Berberian Sound Studio propose une approche à la fois très originale et maniaque du monde du cinéma en se déroulant dans les coulisses de la postproduction d’un « giallo », soit un thriller horrifique tels qu’ils étaient fabriqués à la chaine dans les studios romains dans les années 70. La quasi intégralité du film se déroule dans un studio d’enregistrement miteux où un ingénieur du son anglais, Gilderoy, a été invité par la production pour fignoler la postsynchronisation d’un film avec des sorcières qui fait penser à une version « cheap » de Suspiria de Dario Argento. Malgré sa répugnance pour son matériau de travail, Gilderoy se lance dans une quête obsessionnelle du meilleur son possible alors que le film ne semble prétendre à la moindre valeur artistique.
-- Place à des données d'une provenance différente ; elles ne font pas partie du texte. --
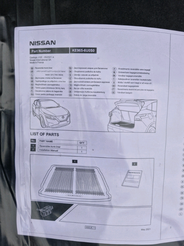Genuine Nissan Qashqai J12 reversible boot liner. Carpet and plastic sides, brand new unopened.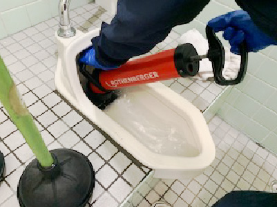 ペーパーの流し過ぎの場合は主に、真空式の貫通器で対応します。どなたも見たことがあるであろうラバーカップ(パコパコとかスポスポと呼ぶ人もいる)も真空式貫通器の一種です。
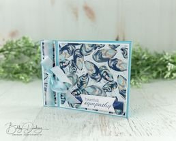 This next card is a Book Binding fold. Her card base is Balmy blue and that pretty shell designer paper is adhered to narrow White layers.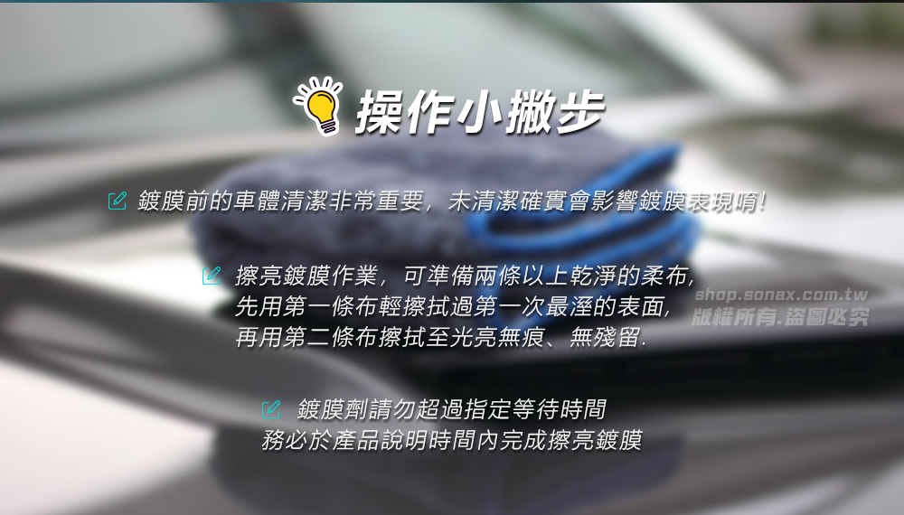 有些專業店家操作SONAX軟晶鍍膜也會搭配短波紅外線烤燈,也可以加速鍍膜的成形,是更有效率的做法。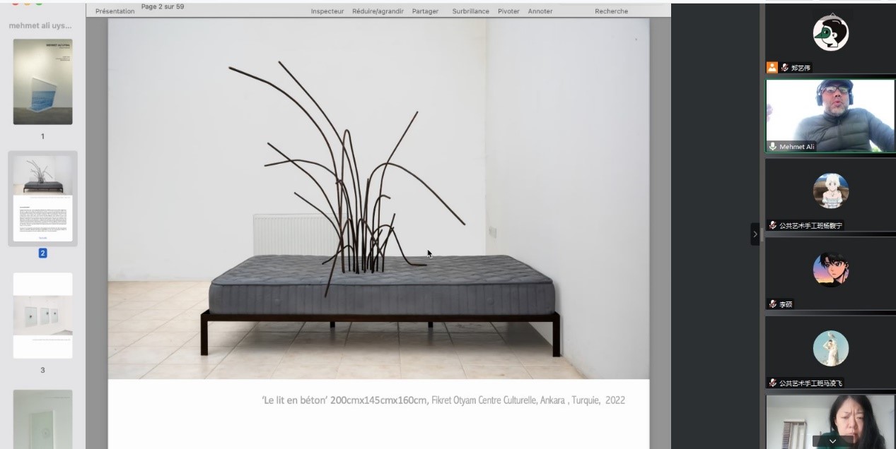 《圆雕形态与表达》中外联合课程打破传统泥塑临摹基础课的教学模式,采用课题研讨式教学和项目式教学相结合的教学模式,立足当代公共艺术专业空间造型需求,以中国传统素材和当代丰富多彩的空间造型方式相融合,强调培养学生的创造力意识和行动能力。课程由1位中方教师、1位当代知名艺术家和1位策展人共同组成教学团队。课程策划历时近一年时间,初期由现代手工艺术学院教师郑艺伟与当代艺术家兼策展人赵端共同设计教学内容和选择联络当代公共艺术空间造型领域知名艺术家。本次聘请的艺术家为土耳其裔公共艺术家Mehmet Ali Uysal博士,教学团队经过多次线上会议完成整理教学物料以及内容流程导图。

Avec son univers claustrophobe et sa reconstitution à la fois stylisée et hyper-réaliste (le tournage du film a duré quelques jours seulement, dans un studio anglais) du côté obscur du cinéma de genre italien, Berberian Sound Studio est un drôle d’objet, au statut indécidable, quelque part entre l’installation d’art contemporain et la nostalgie pour le cinéma d’exploitation européen. Le film démontre, peut-être à son insu, que tout ce qu’il y avait d’inconsciemment expérimental dans la série Z italienne, avec ses producteurs opportunistes et ses cinéastes apprentis sorciers est devenu aujourd’hui le fond de commerce des galeristes et des vidéastes : bidouillages sonores, distorsions, récupérations. L’une des scènes les plus évocatrices de Berberian Sound Studio montre comment des assistants bruitent une scène de meurtre en pulvérisant à coups de hachoirs des pastèques bien juteuses. C’est à la fois vrai dans les faits (il me semble que c’est avec la même cucurbitacée que Hitchcock obtint le bruit des coups de couteau pour la scène de la douche de Psychose) et totalement « arty » à l’écran puisque la scène vue par Strickland se transforme en « happening », en performance audiovisuelle. C’est la collision entre les années 70 et les années 2000. Mario Bava contre David Lynch, tout contre.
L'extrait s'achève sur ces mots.